After decades of almost unrestrained growth to become Europe’s largest airline in passenger numbers, Ryanair now must cope with disruptions considered standard for legacy carriers across the region: labor unrest and unionization of crew. Some Irish pilot members of the Fórsa union called a strike for July 24, their third 24-hour strike this month, and cabin crew in Belgium, Portugal, and Spain called for walkouts on July 25 and 26 over a list of grievances varying from lack of “meaningful engagement,” pay, and work conditions to Ryanair’s refusal to hire cabin crew under local, rather than Irish, contracts.
While this week’s industrial action will affect only 5 percent of its more than 290 Irish flights on July 24 and 300 of its 2,400 daily flights systemwide on July 25 and 26, the LCC admitted more disruption appears likely. “We expect further strikes over the peak summer period as we are not prepared to concede to unreasonable demands that will compromise either our low fares or our highly efficient model,” Ryanair CEO Michael O’Leary said Monday as the company released results for the quarter ending June 30.
O’Leary warned the LCC will need to review its winter schedule at affected bases if strikes continue to damage customer confidence and forward yields. The fleet reductions might lead to job losses in some markets, he stressed.
Labor unrest has lingered for some time, but Ryanair’s pilot rostering disaster last year resulted in a culmination of demands and much more organized labor representation. It has since signed pilot and cabin crew union recognition agreements in some of its major markets such as the UK and Italy as well as an agreement in Germany for cabin crew, though smaller markets have seen slower progress, O’Leary acknowledged.

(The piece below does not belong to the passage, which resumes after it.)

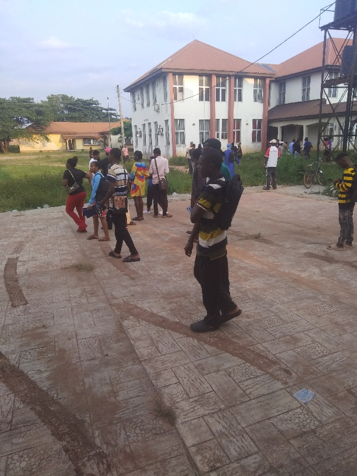 The image depicts an outdoor scene on the campus of the Federal University of Technology Owerri (FUTO) in Ihiagwa, Nigeria

Meanwhile, higher staff costs and a spike in costs to compensate passengers for delays and flight cancellations under EU law took a bite out of Ryanair’s profits for the three months ending June 30. Net profit fell 22 percent on previous year’s period to €309.2 million. Staff costs rose 34 percent year-over-year, primarily due to a 20 percent pay increase for pilots, and a 40 percent jump of the EU-261 “right-to-care” costs. A big chunk of the costs resulted not from its own actions, but from air traffic controllers strikes. Revenue rose 9 percent, to €2.1 billion, on a 7 percent passenger growth to 37.6 million.

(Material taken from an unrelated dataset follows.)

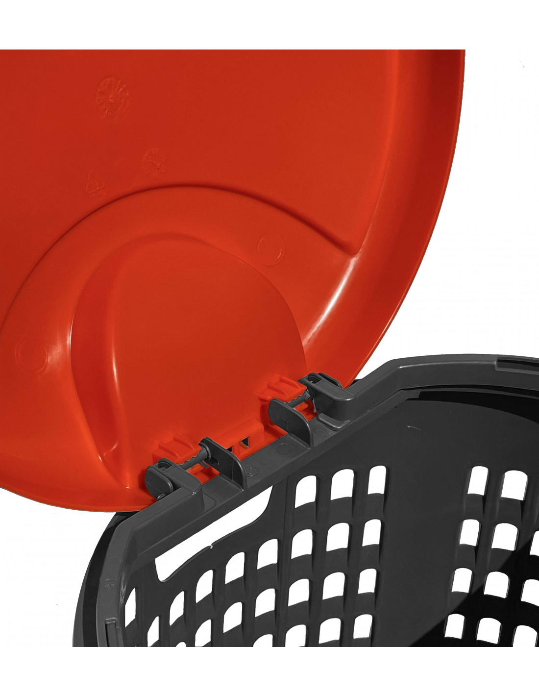I bidoni per raccolta differenziata da 120, 240 e 360 e i cassonetti da 660, 770 e 1100 litri sono compatibili con i mezzi incaricati alla raccolta di rifiuti (presa frontale tipo A, conforme alla normativa EN 840)

Ryanair left its full-year guidance set in May unchanged but said the €1.25 billion to €1.35 billion profit outlook remains “heavily dependent” on fares this quarter, strikes by crew and air traffic controllers, and Brexit developments. O’Leary said he believes the risks of a “hard” Brexit with no deal between the EU and the UK by the end of March 2019 “is being underestimated.”

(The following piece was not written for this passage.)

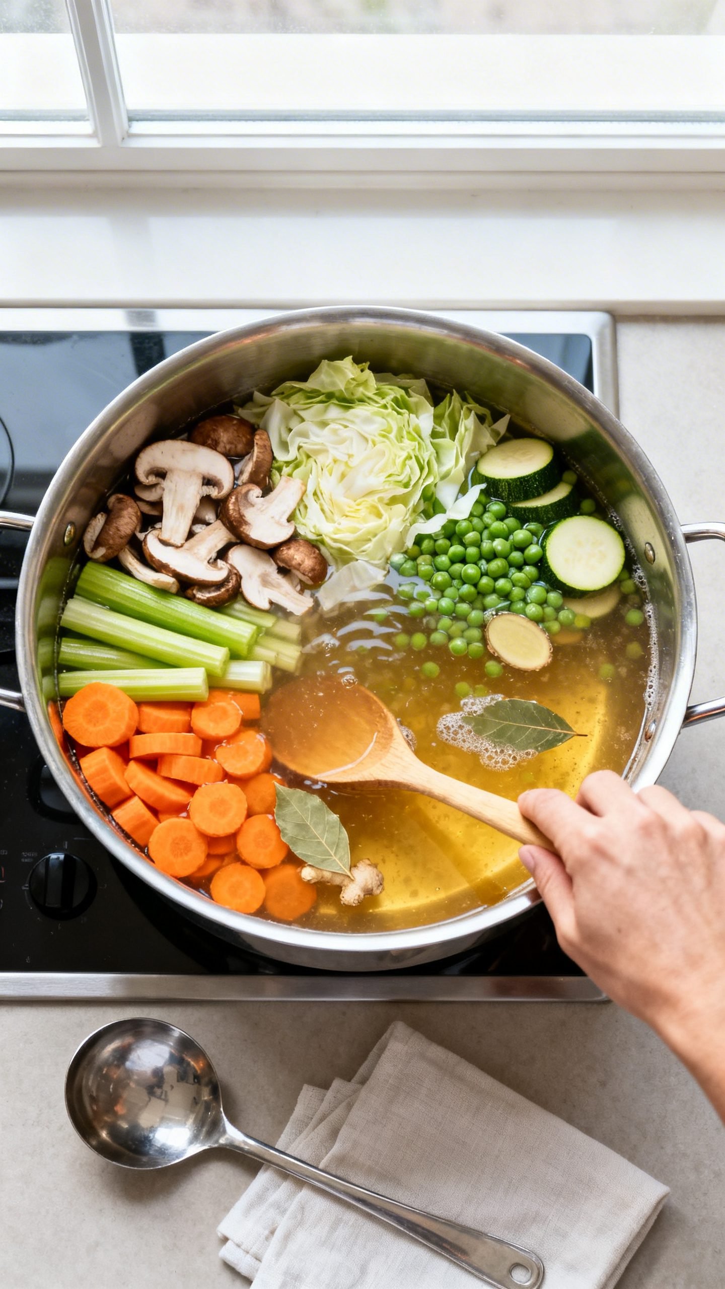 - Don’t boil aggressively: It clouds the broth and turns veggies mushy.

O’Leary also acknowledged that LaudaMotion, which it left out of the guidance, is experiencing a “very difficult first year,” as loss estimates amount to €150 million this year, or €50 million more than initially anticipated. The LCC acquired an initial 24.9 percent stake in the Austrian leisure carrier earlier this year and earlier this month received EU competition approval to increase its share to 75 percent. Ryanair blamed “substantial” cost headwinds especially in fuel, where it is unhedged, low summer fares and “a number of anticompetitive actions” by Lufthansa for the losses at its new affiliate. The airline and Lufthansa remain embroiled in a legal challenge in the UK over the lease of up to 14 aircraft. In a call with analysts, O’ Leary expressed confidence that LaudaMotion will break even in its third year. “But clearly, it will need to grow to be a 40 or 50 aircraft over a three or four year period, at which stage we think it will be a significant profit contributor to the overall group,” he said. “And we see no reason to walk away from it.”